Under the big top, under the bright light... November 15, 2008 2 out of 2 found this review helpful
What is a life worth? How do you judge if someone is worth saving? What does it mean to be human? What or who is really an animal? Why can an individual choose how to live but not how to die? Who has the power to answer these questions? How do you know that person is right?
Hidden beneath this easy-to-read though dark coming of age romance is a novel that prompts the reader to ask the above through the reminiscing of protagonist Jacob Jankowski who is prisoner in fact to old age and in feeling to a nursing home. The story begins as the circus rolls into town and the flood of Jankowski's past full of pleasure, joy, love, hate, regret & guilt washes over him.
Sara Gruen brings the Circus Culture of the mid 20th century to life through meticulous research, both the bright spot light and the grittier nature of transitory existence. Anyone who ever dreamed of running away to the big top or just dreamed of running away should read this book.
wonderful and entertaining November 12, 2008 3 out of 4 found this review helpful
The main character I can sympathize with and can appreciate. You can really imagine what it would be like to be in his shoes in this book. It does a great job of explaining what that particular circus was like back then. I couldn't really picture it until I was able to read the book. Im glad I read it. No complaints! Especially if you love animals!!!
A SURPRISE READ November 11, 2008 2 out of 3 found this review helpful
I bought this book on a whim. I live in a country where books written in English are hard to come by which forces me to buy from Amazon and pay almost double for a book I order because of the cost of postage. But I love to read, therefore I decided that I would give in to temptation and splurge.
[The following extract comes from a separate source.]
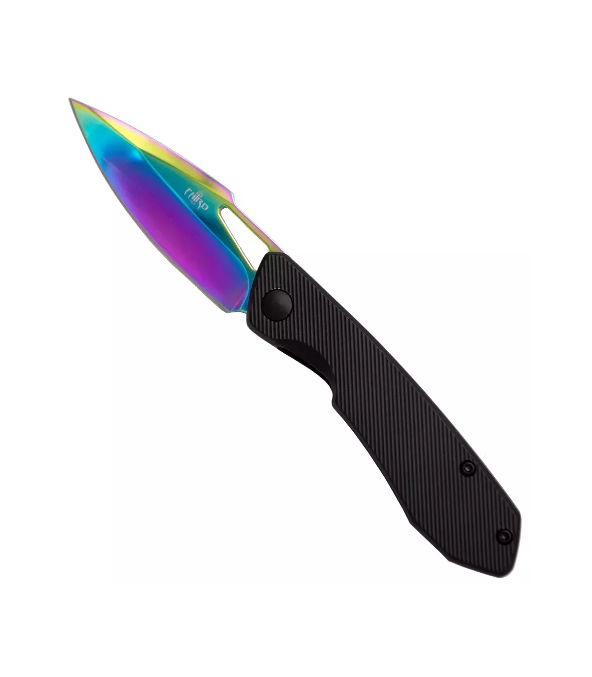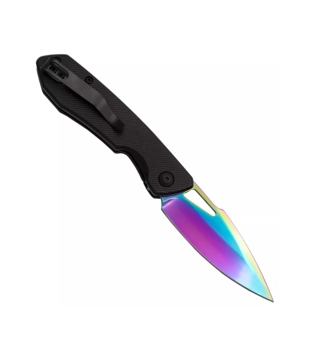 De zwarte aluminium handgreep met textuur biedt een veilige en comfortabele grip, waardoor je hem nauwkeurig kunt hanteren in elke situatie. Het sobere ontwerp contrasteert spectaculair met het 7 cm lange blad, afgewerkt met glanzend rainbow titanium. Deze afwerking zorgt niet alleen voor een indrukwekkend visueel effect, maar verbetert ook de duurzaamheid en weerstand van het blad, zodat het lang scherp en functioneel blijft.

And boy! was I rewarded! This book which describes the memories and dreams of an old man is a touching story of old age. Wonderfully written. Ms Gruen has talent.
Gripping Story and Characters November 10, 2008 2 out of 3 found this review helpful
This book does provide a fairly riveting story set within post depression America and also provides good insights into the circus business during this era. The book balances the dynamics of maintaining a circus in tough economic times against a host of vivid and disparate personalities that can both support and challenge the stability of the circus. For example there is Big Al who runs the circus with a nearly ruthless practicality, "redlighting" individuals who violate his rules. There is August, second in command, alternately tough and gracious, supportive and cruel. There is Jacob, the hero, who stumbles into the world after fleeing Cornell Vet School and who subsequently falls in love with August's wife. The book alternates between the young Jacob in the circus and the elderly Jacob in a nursing home. Some of the dialogue the characters use during the depression era sounds like it came from the 21st century but other than that there is a gritty, often grotesque and unblinking realism in everything from death to romance.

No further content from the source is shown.